[Cialug] Crashing with errors in mcelog

David Champion dave at dchamp.net
Tue Mar 3 10:16:11 CST 2009


Daniel A. Ramaley wrote:
> On 2009-03-03 at 09:32:52, Matthew Nuzum wrote:
>   
>> Regarding crashes coming in pairs, is it possible the reason for the
>> second crash is a warm-boot vs. cold-boot problem? For example, I've
>> seen in several instances where a computer will not properly reset
>> itself on warm-boot (reboot command or ctrl+alt+del or etc) and crash
>> very shortly after boot. However if you hit the power button and give
>> the computer 30s of rest then it works.
>>     
>
> I've seen situations similar to what you describe, where warm and cold 
> boots differ in their result. In my case the machine crashes too 
> totally for a warm boot to be possible, so i reboot by hitting the 
> reset button on the front of the case. I didn't power cycle it. But i 
> do let the BIOS RAM checks run to completion (does that zero out the 
> RAM?). Hitting the reset button in most cases *should* be equivalent to 
> a power outage, but i know it isn't *entirely* identical. The hard 
> drives keep spinning for one thing, and i'm guessing miscellaneous 
> device memory (such as drive controllers, graphics card, sound card 
> buffer) might not be reset the same.
>
> After the second boot the machine seems to run fine for awhile.

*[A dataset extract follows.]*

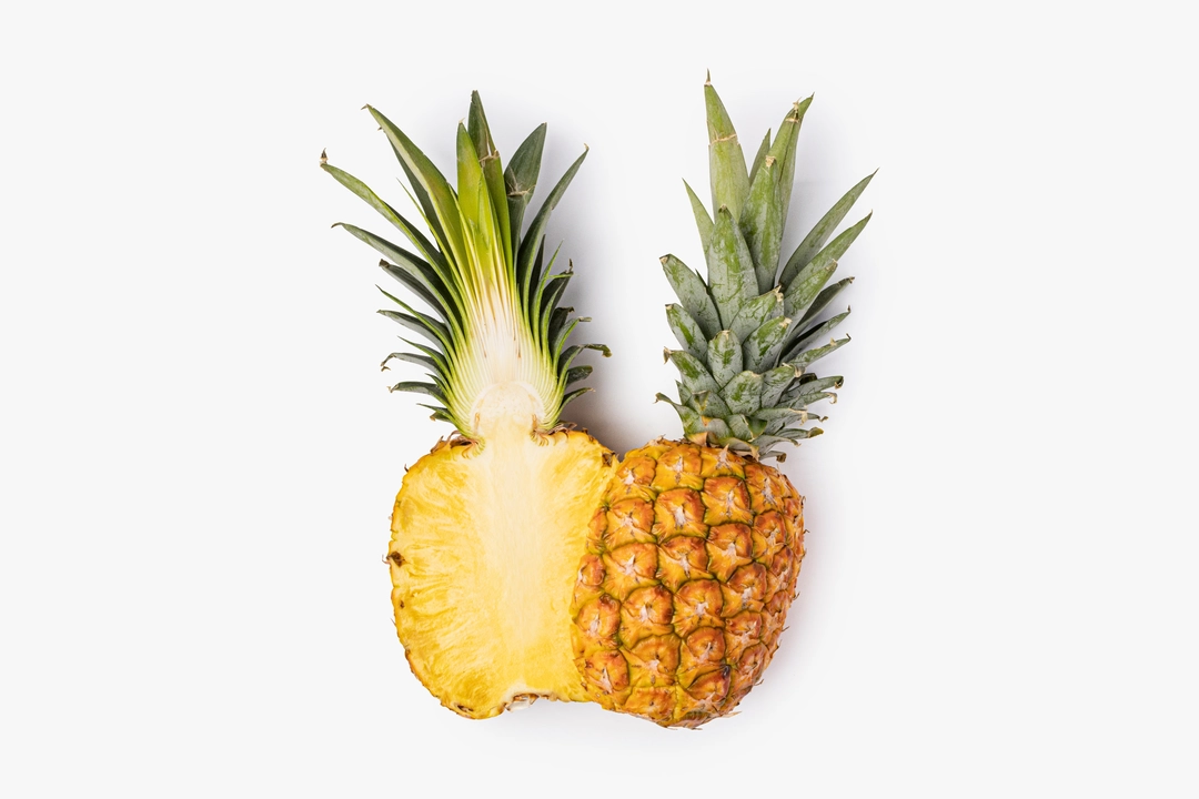Крупные ананасы срезаны на последней стадии созревания и доставлены самолётом, чтобы к вам на стол попали только самые красивые и спелые экземпляры. Мякоть у них ярко-жёлтая, плотная, с характерным сладким вкусом и кисловатыми нотами. Для фруктовых тарелок и десертов ананасы нарезают кольцами или кубиками. Мякоть добавляют в салаты, выпечку, соусы к мясу и птице

Several 
> months ago it had this double crash problem, and then it was fine until 
> this weekend. I figured i'd have a few more months again, but then it 
> did it this morning. Arrrgh.
>
> I hope the problem turns out to be something relatively cheap and easy 
> to fix, like RAM. All the components in the machine are name-brand and 
> i've had it running 24/7 for about a year and a half though, so i'm not 
> sure why it would start having trouble now.
>   
A warm boot and cold boot are pretty different. I've had situations 
where a device's firmware had to be initialized by booting into Windows 
to load it, then doing a warm boot into Linux, because the Linux driver 
wouldn't load the firmware. Don't recall off hand what that was, maybe a 
scsi controller, or a modem, and that was probably more than 10 years 
ago. :)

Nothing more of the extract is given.